Some gems from C. S. Peirce’s “What Pragmatism Is”.
First, probably the most famous bit from this essay, one of the funnier lines in the history of philosophy:
…the writer, finding his bantling “pragmatism” so promoted, feels that it is time to kiss his child good-by and relinquish it to its higher destiny; while to serve the precise purpose of expressing the original definition, he begs to announce the birth of the word “pragmaticism,” which is ugly enough to be safe from kidnappers.

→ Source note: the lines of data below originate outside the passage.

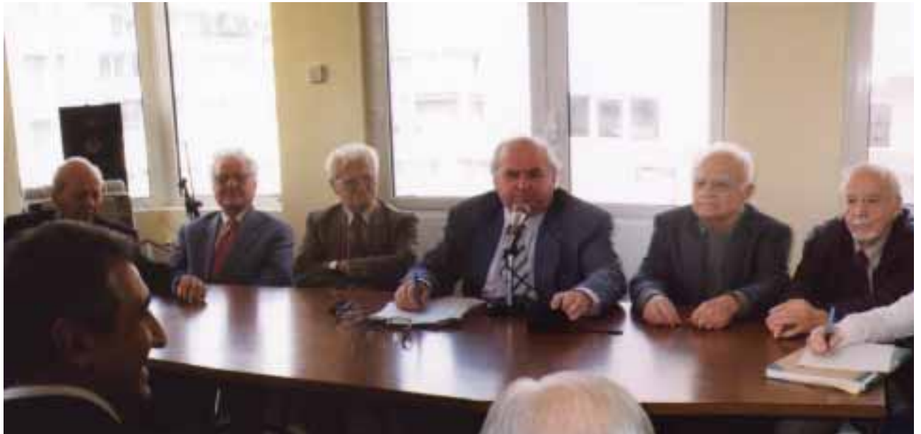
Το προεδρείο της Γενικής Συνέλευσης

Η Γενική Συνέλευση αποφασίζει ομόφωνα να προτείνει στο Δ.Σ. του Ταμείου Υγείας και του ΕΛΕΜ, να πάρει α-
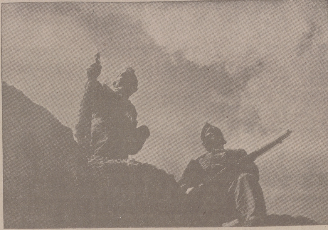
Por el honor de Dios y de España, nosotros os vengaremos, mártires del Ideal
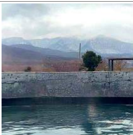
Термальный источник Бирагзанг

Каждый день на протяжении новогодних праздников на Мамисоне будут мероприятия, подробнее в день отправления у сопровождающей!
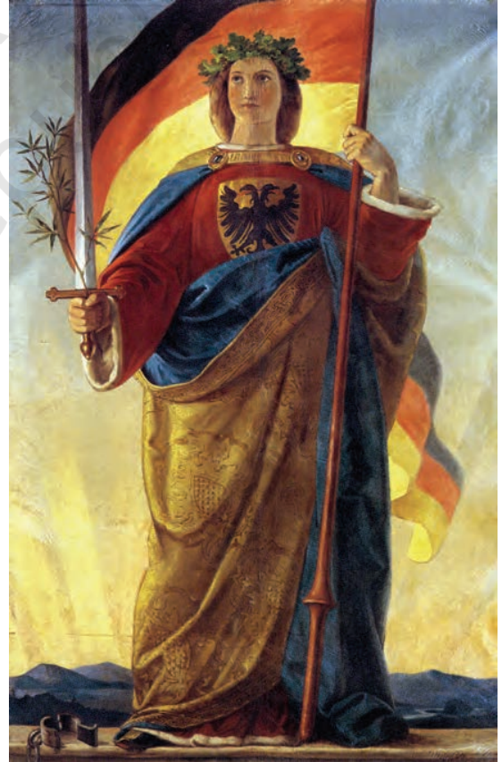
चित्र 17 - जर्मनिया, चित्रकार फ़िलिप वेट, 1848

इसमें मारीआन की तसवीर बनाई गई है जो फ्रांसीसी गणराज्य का प्रतिनिधित्व करती है।

Another, which I think is highly relevant to the Design Thinking debate, largely conducted by non-practitioners:
The writer of this article has been led by much experience to believe that every physicist, and every chemist, and, in short, every master in any department of experimental science, has had his mind molded by his life in the laboratory to a degree that is little suspected. The experimentalist himself can hardly be fully aware of it, for the reason that the men whose intellects he really knows about are much like himself in this respect. With intellects of widely different training from his own, whose education has largely been a thing learned out of books, he will never become inwardly intimate, be he on ever so familiar terms with them; for he and they are as oil and water, and though they be shaken up together, it is remarkable how quickly they will go their several mental ways, without having gained more than a faint flavor from the association. Were those other men only to take skillful soundings of the experimentalist’s mind — which is just what they are unqualified to do, for the most part — they would soon discover that, excepting perhaps upon topics where his mind is trammeled by personal feeling or by his bringing up, his disposition is to think of everything just as everything is thought of in the laboratory, that is, as a question of experimentation. … when you have found, or ideally constructed upon a basis of observation, the typical experimentalist, you will find that whatever assertion you may make to him, he will either understand as meaning that if a given prescription for an experiment ever can be and ever is carried out in act, an experience of a given description will result, or else he will see no sense at all in what you say.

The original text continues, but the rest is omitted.